→ Exercise instructions
The answer must give back every line of the data exactly, with no pictures.

→ Data provided
· · ·

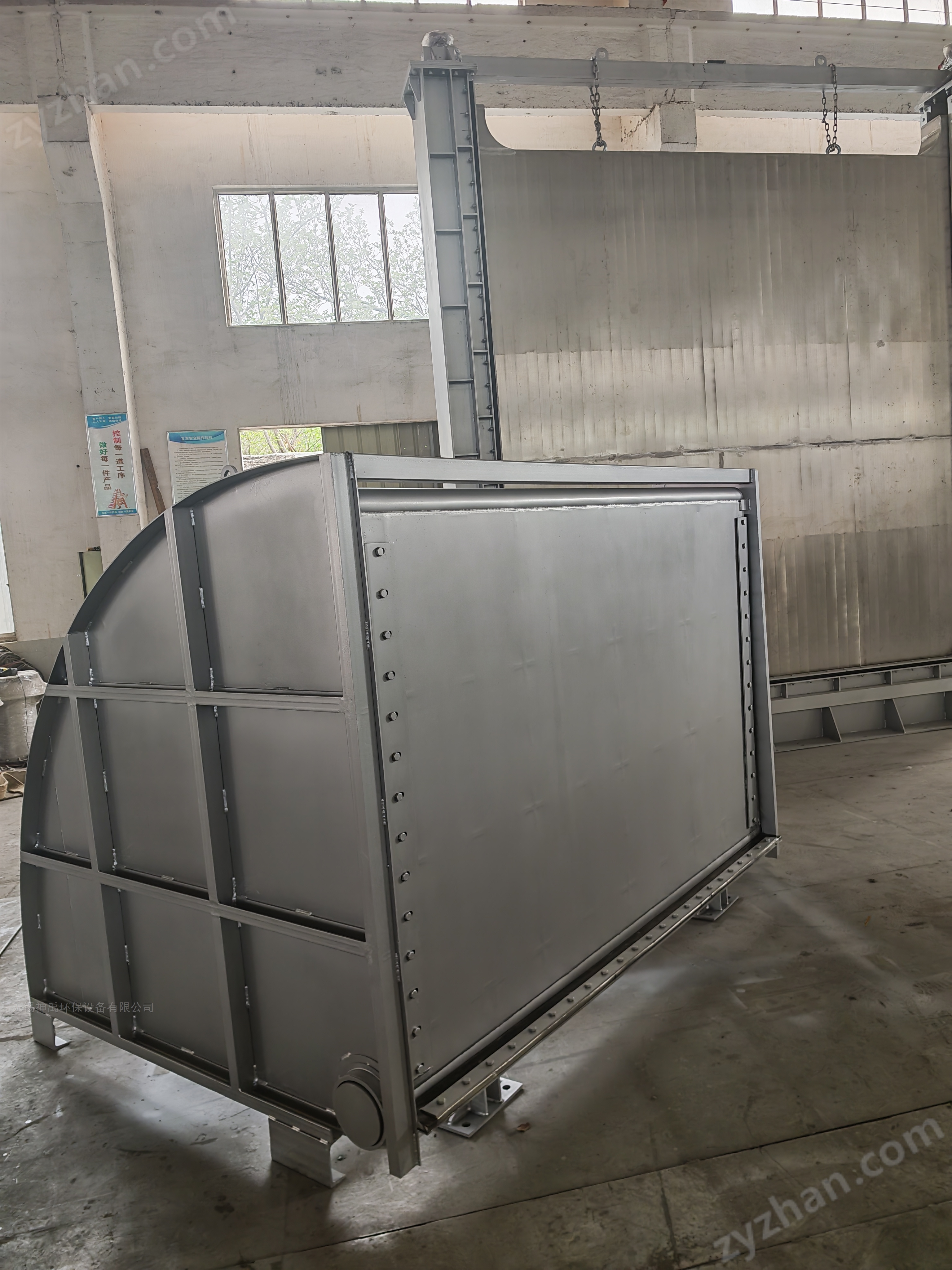 液動下開式堰門 ,液動旋轉(zhuǎn)堰門具備發(fā)貨 圖中設(shè)備就是液動旋轉(zhuǎn)堰門(也叫堰板式可調(diào)堰),主體為不銹鋼/碳鋼焊接的弧形框架結(jié)構(gòu),中間是帶加強筋的堰板,底部配備液壓驅(qū)動油缸(圖中橫向圓柱部件),整體為非標(biāo)定制化結(jié)構(gòu),適配不同尺寸的箱涵、渠道、截流井。
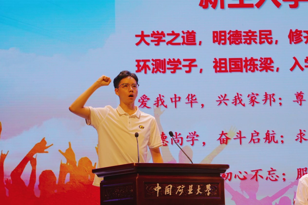 新生宣誓环节,由程梓银同学领誓,明升体育
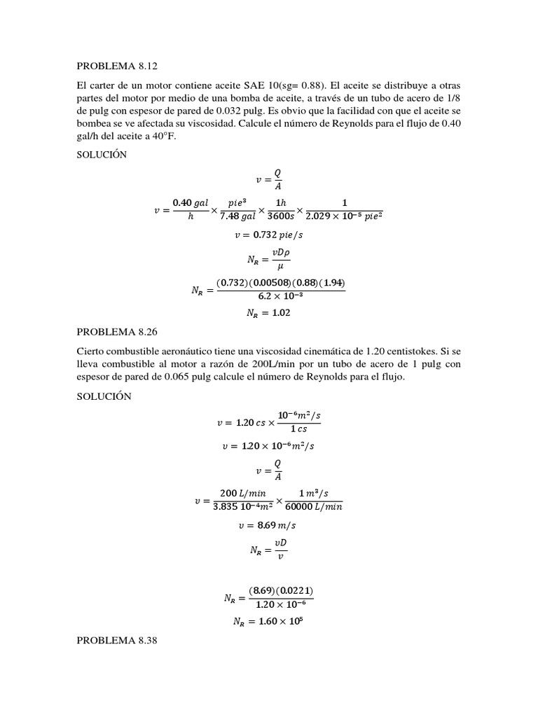 bombea se ve afectada su viscosidad. Calcule el número de Reynolds para el flujo de 0.40

· · ·

→ Solved problem
 液動下開式堰門 ,液動旋轉(zhuǎn)堰門具備發(fā)貨 圖中設(shè)備就是液動旋轉(zhuǎn)堰門(也叫堰板式可調(diào)堰),主體為不銹鋼/碳鋼焊接的弧形框架結(jié)構(gòu),中間是帶加強筋的堰板,底部配備液壓驅(qū)動油缸(圖中橫向圓柱部件),整體為非標(biāo)定制化結(jié)構(gòu),適配不同尺寸的箱涵、渠道、截流井。
 新生宣誓环节,由程梓银同学领誓,明升体育
 bombea se ve afectada su viscosidad. Calcule el número de Reynolds para el flujo de 0.40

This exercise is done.